Task prompt => Given the records underneath, please repeat exactly the lines from the line with "berjalan kaki, saya" through the line with "再接再厲 再創(chuàng", passing over any picture.

Task input =>
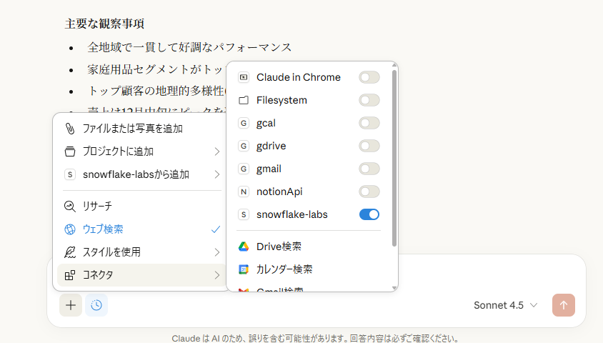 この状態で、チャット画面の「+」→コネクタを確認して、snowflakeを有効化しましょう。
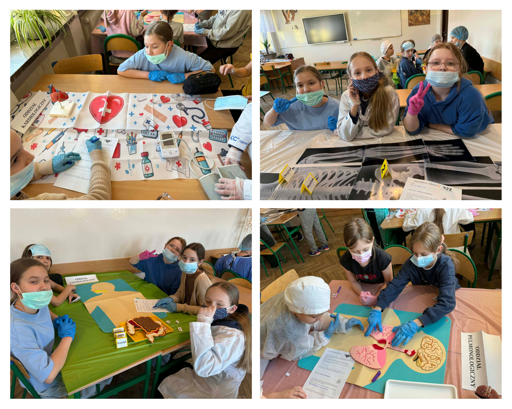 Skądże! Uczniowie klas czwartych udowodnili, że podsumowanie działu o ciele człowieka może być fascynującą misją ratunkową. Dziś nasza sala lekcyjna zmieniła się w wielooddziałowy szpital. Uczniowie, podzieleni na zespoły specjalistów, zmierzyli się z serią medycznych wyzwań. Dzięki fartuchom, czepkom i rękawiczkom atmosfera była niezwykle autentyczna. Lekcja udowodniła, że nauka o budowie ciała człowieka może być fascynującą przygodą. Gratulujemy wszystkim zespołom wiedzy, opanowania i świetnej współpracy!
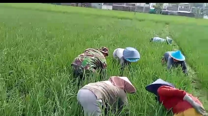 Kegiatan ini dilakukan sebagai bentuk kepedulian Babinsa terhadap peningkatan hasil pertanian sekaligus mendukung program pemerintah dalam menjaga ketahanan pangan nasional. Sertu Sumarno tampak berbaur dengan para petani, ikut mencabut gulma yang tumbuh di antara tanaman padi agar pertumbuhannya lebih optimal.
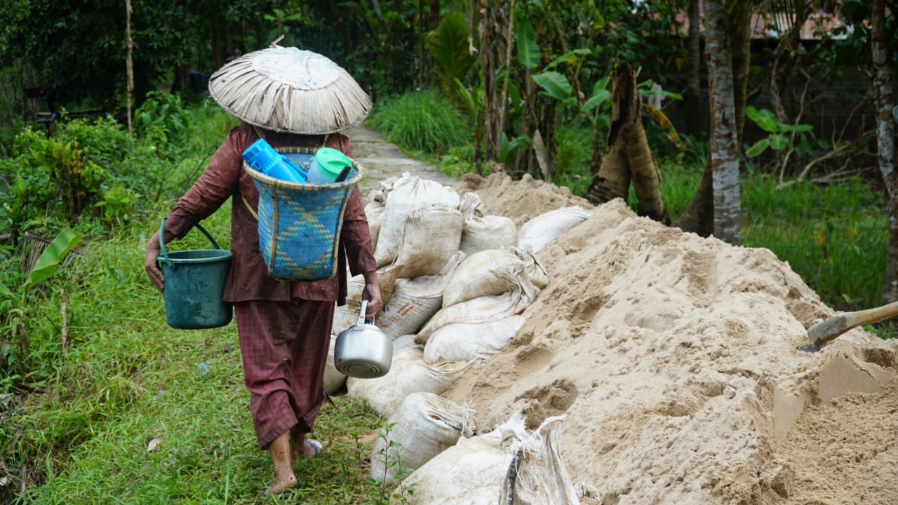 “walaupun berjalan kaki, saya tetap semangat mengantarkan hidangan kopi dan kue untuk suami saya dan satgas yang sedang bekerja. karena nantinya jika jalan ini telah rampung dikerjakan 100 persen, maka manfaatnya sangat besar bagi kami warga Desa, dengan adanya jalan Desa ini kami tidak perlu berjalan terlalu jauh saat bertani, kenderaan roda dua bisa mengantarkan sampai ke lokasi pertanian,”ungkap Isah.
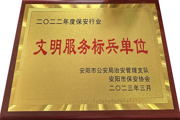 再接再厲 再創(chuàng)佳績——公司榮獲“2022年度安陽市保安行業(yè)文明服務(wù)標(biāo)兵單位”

...

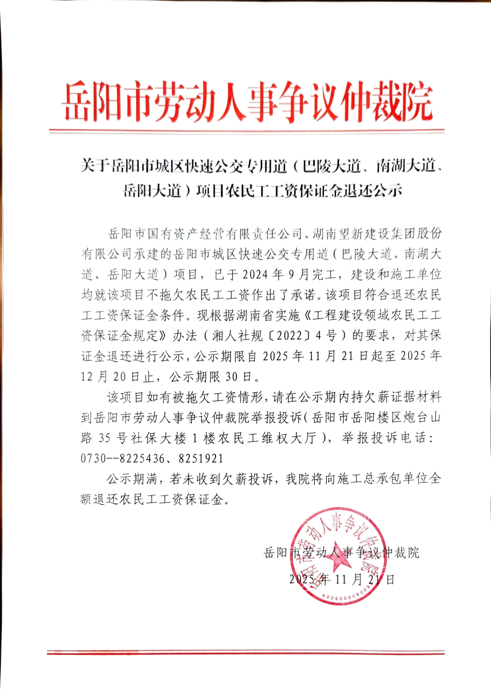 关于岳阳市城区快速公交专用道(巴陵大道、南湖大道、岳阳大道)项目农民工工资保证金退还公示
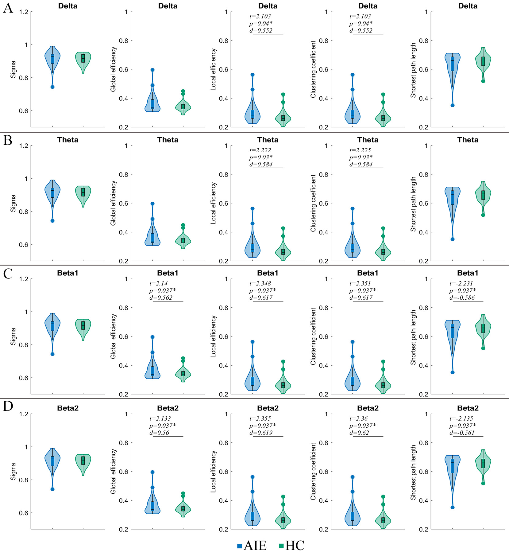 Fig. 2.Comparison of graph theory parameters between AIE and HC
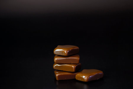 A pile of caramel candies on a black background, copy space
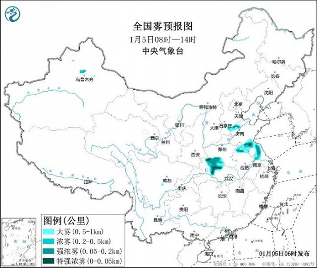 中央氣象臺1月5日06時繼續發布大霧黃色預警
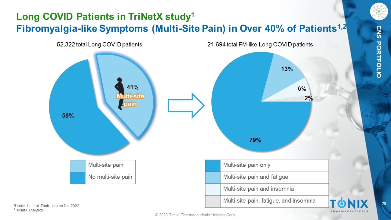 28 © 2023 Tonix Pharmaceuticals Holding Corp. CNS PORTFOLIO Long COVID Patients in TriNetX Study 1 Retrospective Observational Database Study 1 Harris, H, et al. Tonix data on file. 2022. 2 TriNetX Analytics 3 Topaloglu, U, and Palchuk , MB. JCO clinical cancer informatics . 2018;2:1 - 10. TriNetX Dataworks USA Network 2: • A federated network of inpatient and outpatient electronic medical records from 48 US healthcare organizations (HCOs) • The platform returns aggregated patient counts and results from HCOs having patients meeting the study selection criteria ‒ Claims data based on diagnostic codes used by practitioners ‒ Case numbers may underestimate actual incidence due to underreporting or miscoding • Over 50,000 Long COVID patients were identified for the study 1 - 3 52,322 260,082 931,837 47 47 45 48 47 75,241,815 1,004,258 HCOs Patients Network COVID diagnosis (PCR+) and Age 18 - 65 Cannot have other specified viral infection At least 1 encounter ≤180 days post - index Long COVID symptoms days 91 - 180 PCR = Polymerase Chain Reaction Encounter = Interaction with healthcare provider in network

Answer to this task =>
 “walaupun berjalan kaki, saya tetap semangat mengantarkan hidangan kopi dan kue untuk suami saya dan satgas yang sedang bekerja. karena nantinya jika jalan ini telah rampung dikerjakan 100 persen, maka manfaatnya sangat besar bagi kami warga Desa, dengan adanya jalan Desa ini kami tidak perlu berjalan terlalu jauh saat bertani, kenderaan roda dua bisa mengantarkan sampai ke lokasi pertanian,”ungkap Isah.
 再接再厲 再創(chuàng)佳績——公司榮獲“2022年度安陽市保安行業(yè)文明服務(wù)標(biāo)兵單位”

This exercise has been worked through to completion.